What needs to be done:
For this exercise, write out only the lines of the entries below from the one with "Siyah zirkon 14" up to and including the one with "Aus: Hinwilpedia /", exactly as they are. Pictures stay out.

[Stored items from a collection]

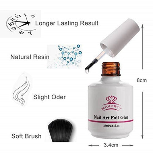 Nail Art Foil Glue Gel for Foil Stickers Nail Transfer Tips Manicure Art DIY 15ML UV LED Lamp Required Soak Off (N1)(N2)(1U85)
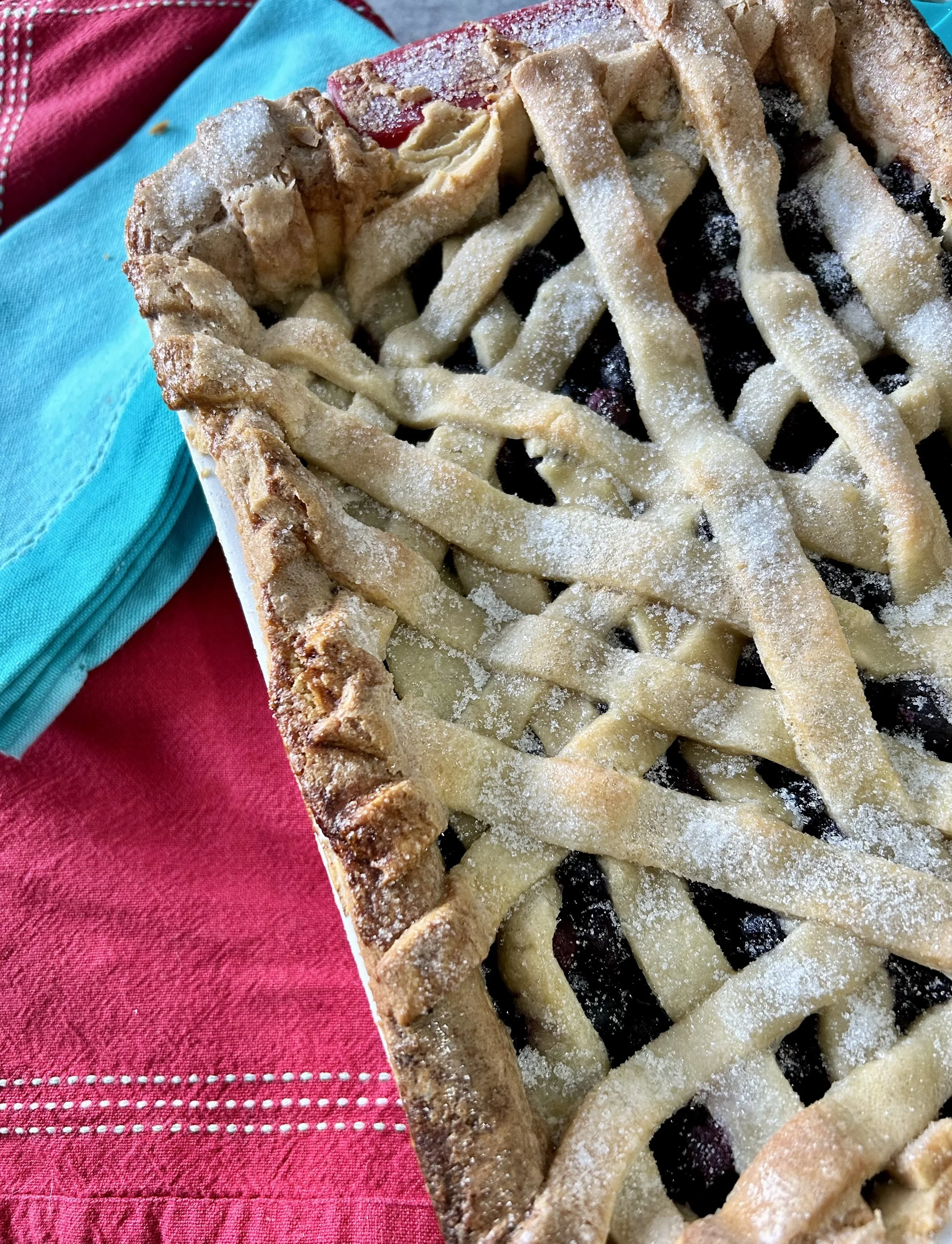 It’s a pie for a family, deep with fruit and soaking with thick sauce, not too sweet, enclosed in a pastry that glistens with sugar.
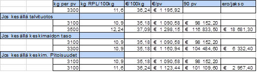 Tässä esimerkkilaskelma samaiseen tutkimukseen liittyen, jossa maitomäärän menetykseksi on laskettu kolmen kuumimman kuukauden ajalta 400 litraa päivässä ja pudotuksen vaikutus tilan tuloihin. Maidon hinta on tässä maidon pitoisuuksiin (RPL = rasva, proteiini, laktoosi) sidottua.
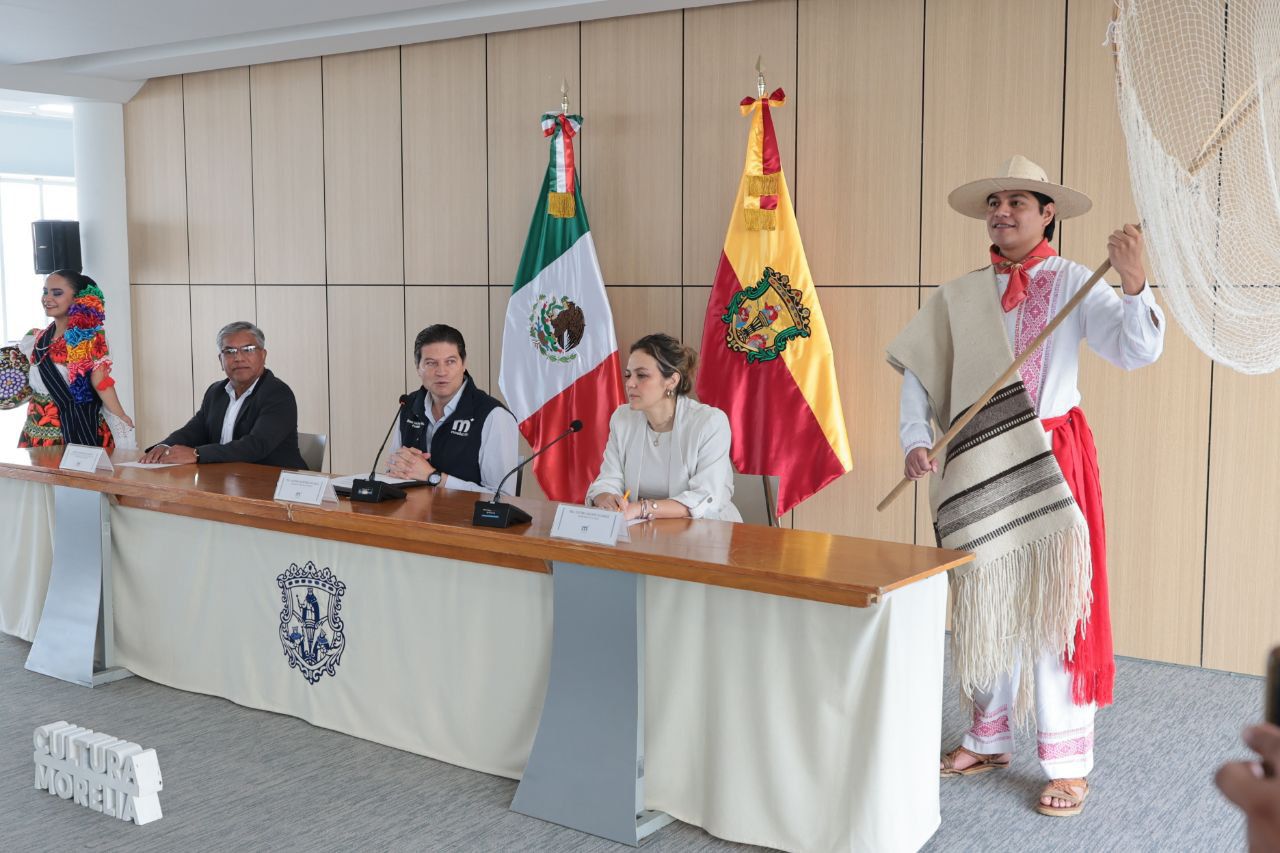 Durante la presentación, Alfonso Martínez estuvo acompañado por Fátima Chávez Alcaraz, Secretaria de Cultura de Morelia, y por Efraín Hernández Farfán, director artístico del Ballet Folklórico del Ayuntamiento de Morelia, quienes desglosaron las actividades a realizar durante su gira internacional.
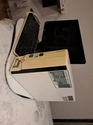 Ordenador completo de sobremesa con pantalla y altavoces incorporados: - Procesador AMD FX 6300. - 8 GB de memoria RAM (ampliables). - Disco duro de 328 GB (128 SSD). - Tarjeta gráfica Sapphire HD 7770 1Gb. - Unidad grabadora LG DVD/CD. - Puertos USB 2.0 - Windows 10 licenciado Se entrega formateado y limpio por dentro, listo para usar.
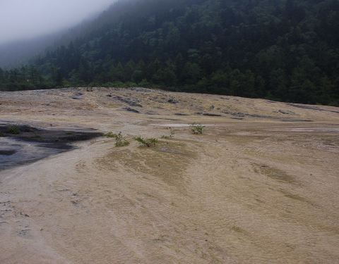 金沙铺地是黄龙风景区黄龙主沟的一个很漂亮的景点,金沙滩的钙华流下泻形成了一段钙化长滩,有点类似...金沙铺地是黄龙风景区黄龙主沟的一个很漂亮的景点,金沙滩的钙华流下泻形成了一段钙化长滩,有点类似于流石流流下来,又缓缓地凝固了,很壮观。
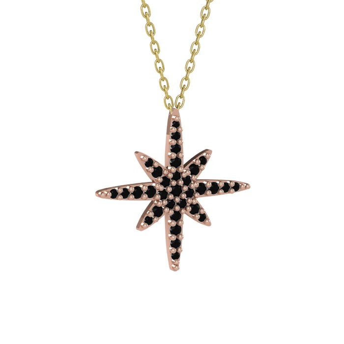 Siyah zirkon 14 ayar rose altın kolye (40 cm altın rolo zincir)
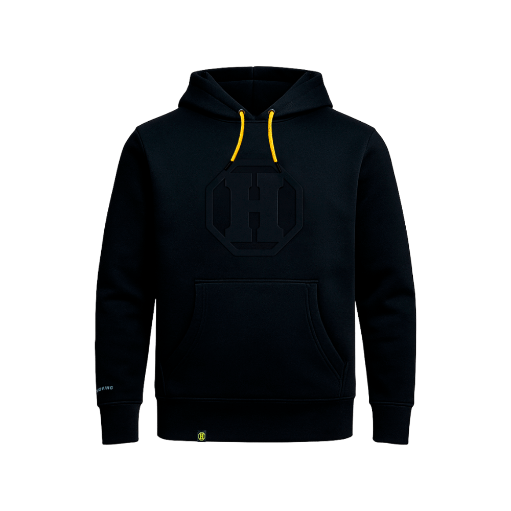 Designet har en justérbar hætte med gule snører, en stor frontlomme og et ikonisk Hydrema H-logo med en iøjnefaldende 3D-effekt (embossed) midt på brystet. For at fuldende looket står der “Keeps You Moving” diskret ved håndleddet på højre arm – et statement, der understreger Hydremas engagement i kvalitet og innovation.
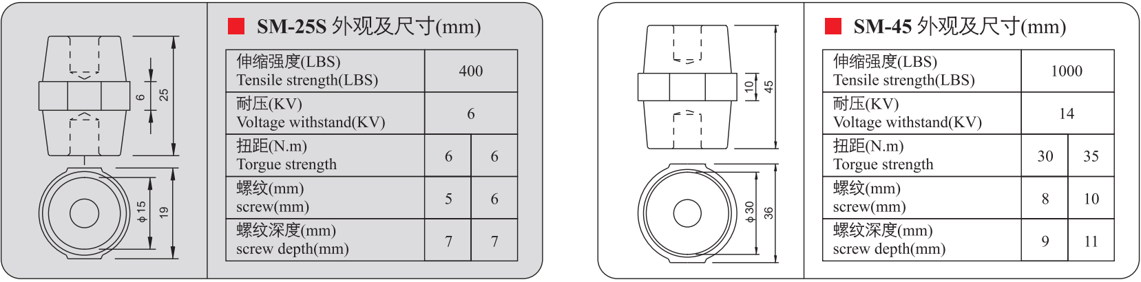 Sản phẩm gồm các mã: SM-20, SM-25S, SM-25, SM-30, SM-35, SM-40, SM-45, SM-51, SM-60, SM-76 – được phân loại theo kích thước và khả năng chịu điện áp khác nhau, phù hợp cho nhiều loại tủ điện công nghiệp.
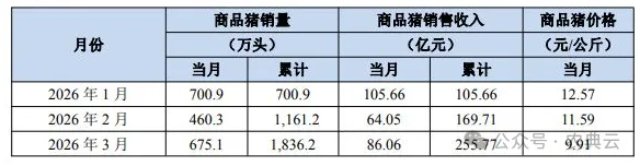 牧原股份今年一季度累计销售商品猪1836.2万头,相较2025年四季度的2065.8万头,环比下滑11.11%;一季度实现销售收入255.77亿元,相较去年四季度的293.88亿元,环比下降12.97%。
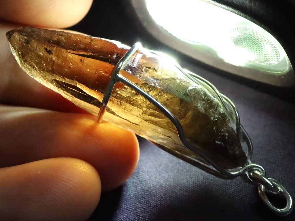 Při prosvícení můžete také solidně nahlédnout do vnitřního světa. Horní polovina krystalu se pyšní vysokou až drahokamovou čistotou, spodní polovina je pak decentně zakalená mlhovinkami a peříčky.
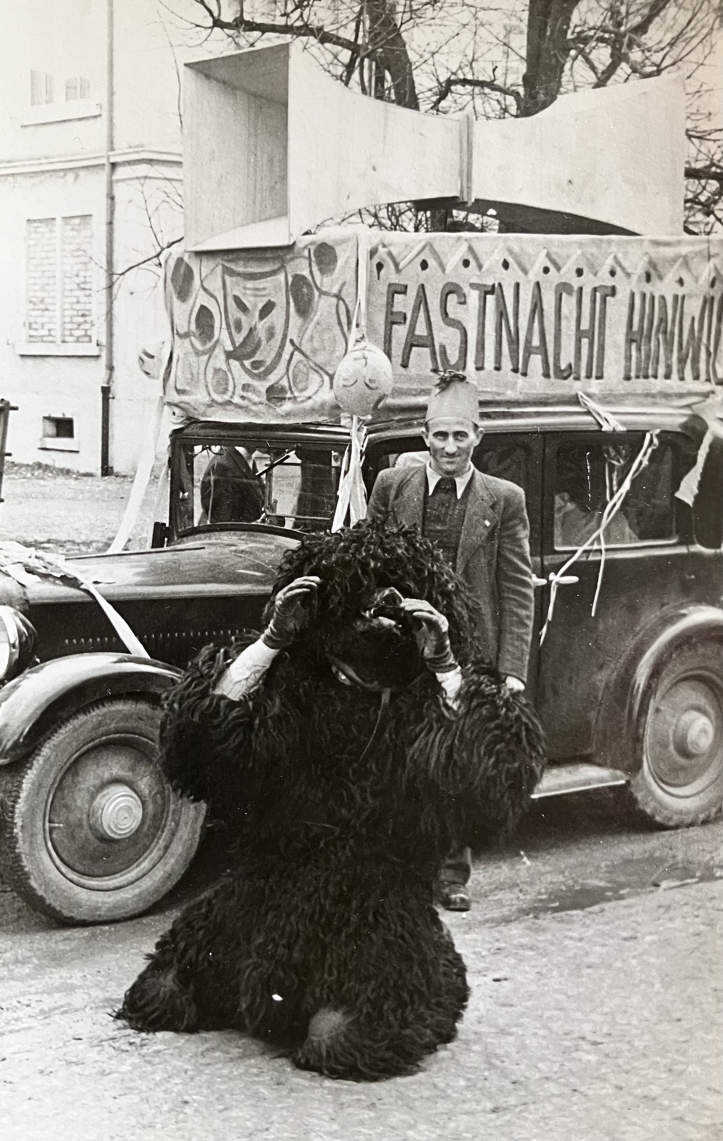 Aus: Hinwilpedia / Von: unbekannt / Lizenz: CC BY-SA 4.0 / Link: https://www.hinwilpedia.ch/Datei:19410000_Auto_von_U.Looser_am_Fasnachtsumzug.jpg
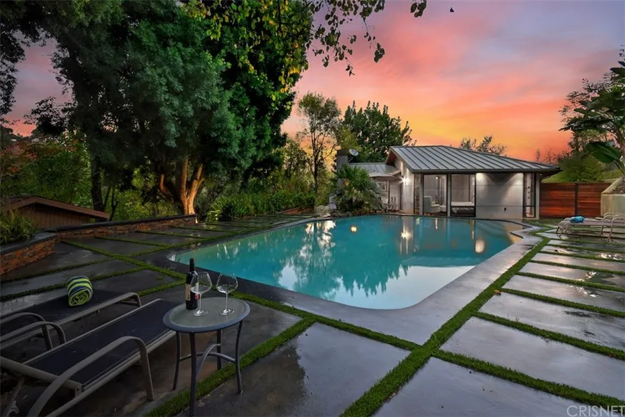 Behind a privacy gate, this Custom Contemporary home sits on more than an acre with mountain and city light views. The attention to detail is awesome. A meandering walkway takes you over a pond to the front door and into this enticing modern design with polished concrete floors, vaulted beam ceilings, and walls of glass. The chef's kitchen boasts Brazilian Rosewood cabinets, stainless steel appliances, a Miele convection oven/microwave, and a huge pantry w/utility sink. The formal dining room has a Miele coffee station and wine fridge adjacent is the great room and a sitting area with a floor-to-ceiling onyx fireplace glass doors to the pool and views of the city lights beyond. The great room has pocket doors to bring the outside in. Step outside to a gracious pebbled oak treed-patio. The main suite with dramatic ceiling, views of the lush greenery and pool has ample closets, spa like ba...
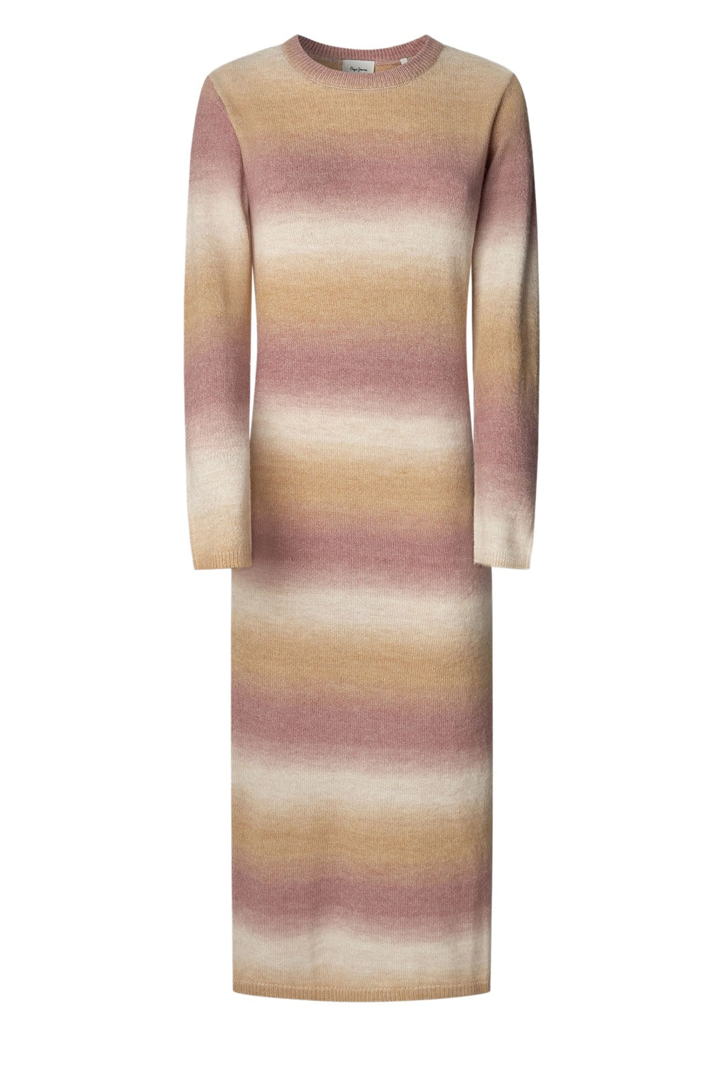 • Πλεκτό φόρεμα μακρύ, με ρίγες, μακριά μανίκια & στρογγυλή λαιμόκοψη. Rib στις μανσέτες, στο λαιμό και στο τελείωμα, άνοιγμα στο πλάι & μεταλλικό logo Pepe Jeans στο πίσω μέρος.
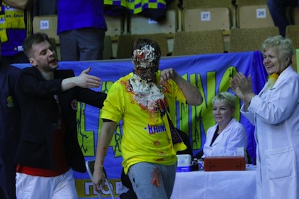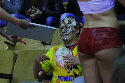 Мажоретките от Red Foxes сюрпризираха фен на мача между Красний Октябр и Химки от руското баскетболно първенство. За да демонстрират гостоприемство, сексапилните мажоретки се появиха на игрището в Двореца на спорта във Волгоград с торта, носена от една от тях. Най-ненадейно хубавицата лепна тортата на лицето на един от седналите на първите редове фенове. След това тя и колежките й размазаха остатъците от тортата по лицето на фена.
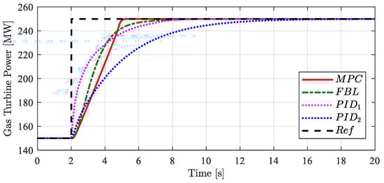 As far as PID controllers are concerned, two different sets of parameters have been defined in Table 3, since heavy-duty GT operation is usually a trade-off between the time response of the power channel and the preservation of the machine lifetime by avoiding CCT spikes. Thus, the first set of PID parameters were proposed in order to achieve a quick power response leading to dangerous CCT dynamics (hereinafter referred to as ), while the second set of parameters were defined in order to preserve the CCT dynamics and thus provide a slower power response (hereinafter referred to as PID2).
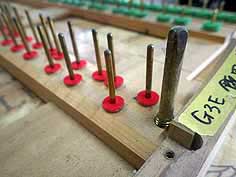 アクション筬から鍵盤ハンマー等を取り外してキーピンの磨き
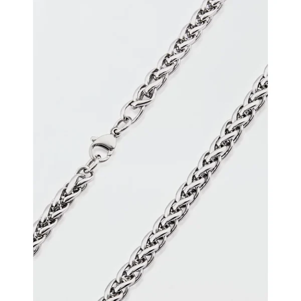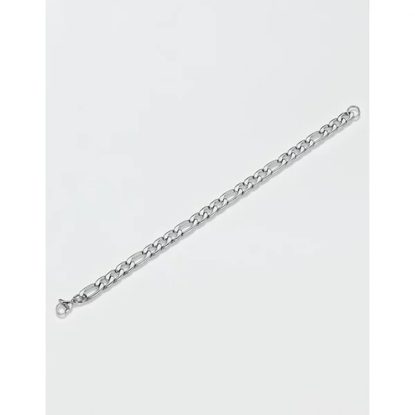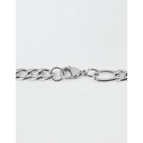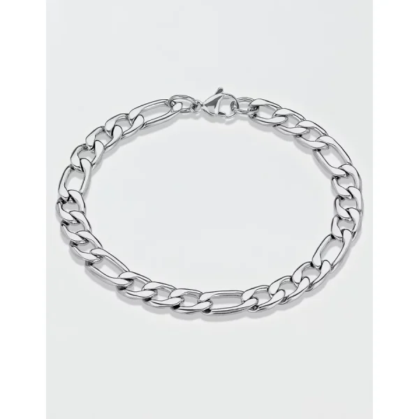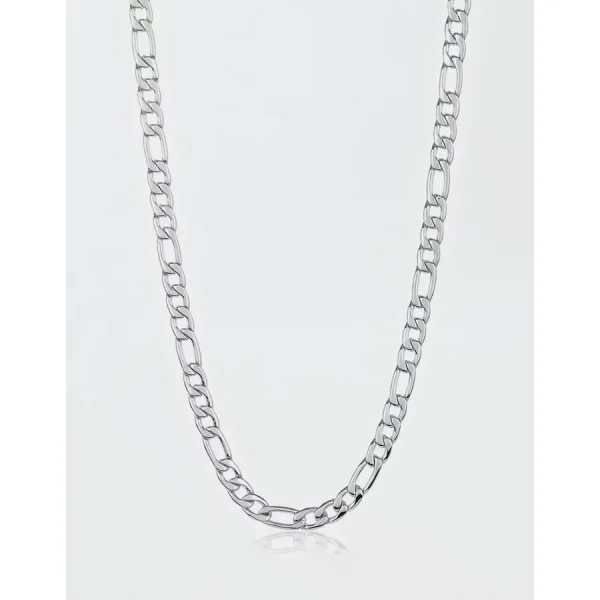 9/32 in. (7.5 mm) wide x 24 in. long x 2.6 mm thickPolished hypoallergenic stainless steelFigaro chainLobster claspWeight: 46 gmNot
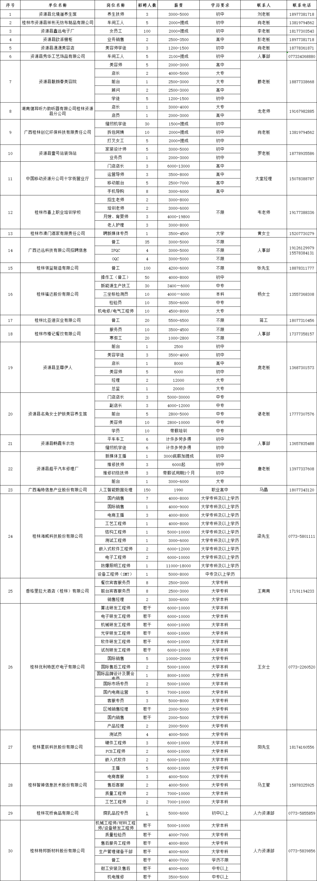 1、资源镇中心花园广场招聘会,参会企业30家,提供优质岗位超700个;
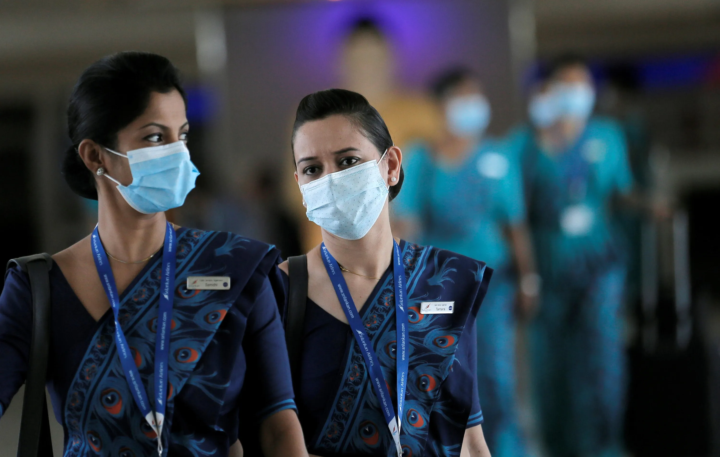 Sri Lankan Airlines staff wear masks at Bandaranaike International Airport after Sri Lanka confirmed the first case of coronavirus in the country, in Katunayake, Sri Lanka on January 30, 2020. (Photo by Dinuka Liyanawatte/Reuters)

Written answer:
 Siyah zirkon 14 ayar rose altın kolye (40 cm altın rolo zincir)
 Designet har en justérbar hætte med gule snører, en stor frontlomme og et ikonisk Hydrema H-logo med en iøjnefaldende 3D-effekt (embossed) midt på brystet. For at fuldende looket står der “Keeps You Moving” diskret ved håndleddet på højre arm – et statement, der understreger Hydremas engagement i kvalitet og innovation.
 Sản phẩm gồm các mã: SM-20, SM-25S, SM-25, SM-30, SM-35, SM-40, SM-45, SM-51, SM-60, SM-76 – được phân loại theo kích thước và khả năng chịu điện áp khác nhau, phù hợp cho nhiều loại tủ điện công nghiệp.
 牧原股份今年一季度累计销售商品猪1836.2万头,相较2025年四季度的2065.8万头,环比下滑11.11%;一季度实现销售收入255.77亿元,相较去年四季度的293.88亿元,环比下降12.97%。
 Při prosvícení můžete také solidně nahlédnout do vnitřního světa. Horní polovina krystalu se pyšní vysokou až drahokamovou čistotou, spodní polovina je pak decentně zakalená mlhovinkami a peříčky.
 Aus: Hinwilpedia / Von: unbekannt / Lizenz: CC BY-SA 4.0 / Link: https://www.hinwilpedia.ch/Datei:19410000_Auto_von_U.Looser_am_Fasnachtsumzug.jpg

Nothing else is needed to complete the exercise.